Special_System_6627@reddit
Are there any memory based agents that ask the user clarifying questions about something before storing it in the memory?
AutomataManifold@reddit (OP)
Not that I saw, but that might be an interesting way to go, and would probably complement some of the manual memory management techniques I saw people using.
It wouldn't work for my current use case, but if you're using it as a creative writing assistant being able to directly see the memory and update it is very effective. Directly presenting relevant memories to the user as part of the input and letting them edit it sounds very useful.
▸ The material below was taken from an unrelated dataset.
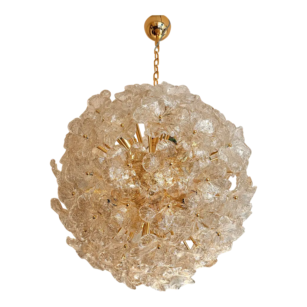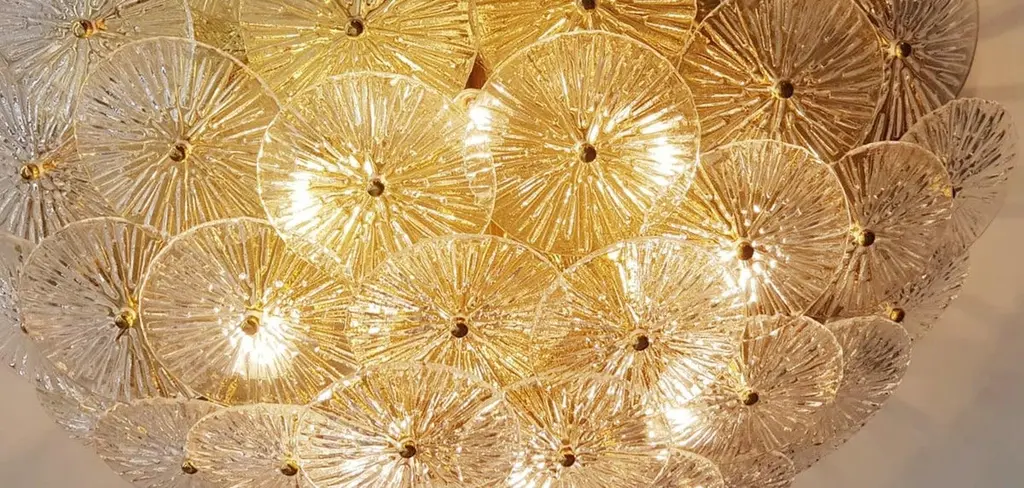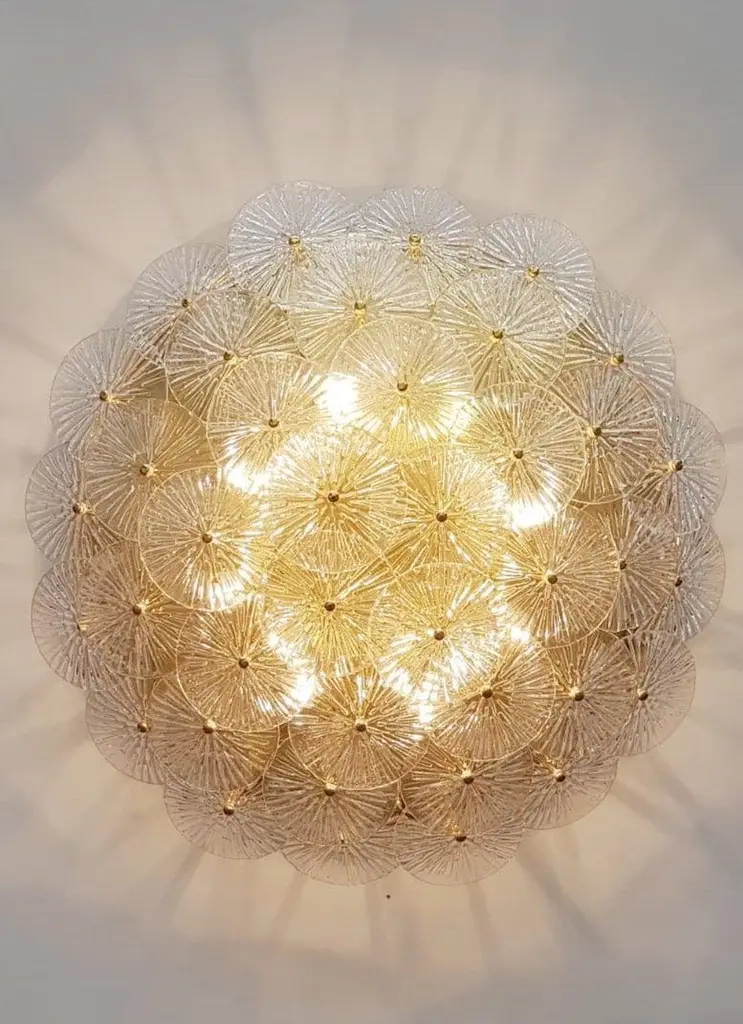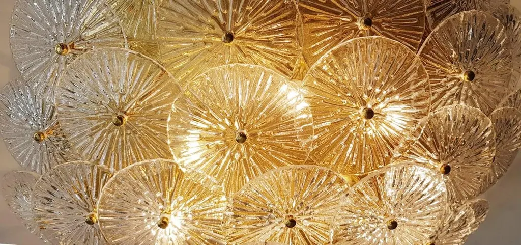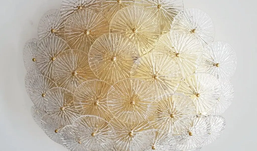 Impressive Italian flushmount with layered textured clear Murano glass discs mounted on solid brass frame in polished lacquered finish, designed by Fabio Bergomi for Fabio Ltd / Made in Italy8 lights / E12 or E14 type / max 40W eachMeasures: Diameter 33.5 inches, height 11 inchesOrder only / This item ships from ItalyOrder reference #: FABIOLTD C658 CLEAR

I did see that several libraries do self-questioning. Either on initial insertion, or later on as part of consolidation and correlation building. Asking the user questions about it before storing it takes it to the next level.
218-69@reddit
forgot https://github.com/wangyu-ustc/MemoryLLM
AutomataManifold@reddit (OP)
Oh, good find.
NEEDMOREVRAM@reddit
It's like Christmas morning when I open r/LocalLLaMA at 6am every day to browse the new posts.
lur-2000@reddit
Thank you!
DunklerErpel@reddit
This is gold, thank you very much! I have been looking into it on the weekend myself but got frustrated and threw it. Might pick it up again thanks to you, though :)
ThinkExtension2328@reddit
Memgpt is alright it requires are model level that in the past local models would not be able to cross ultimately leading to the system dieing in an unrecoverable way. But when it did work it was quite magical. I want to have another crack at it now we have some of these new cutting edge models.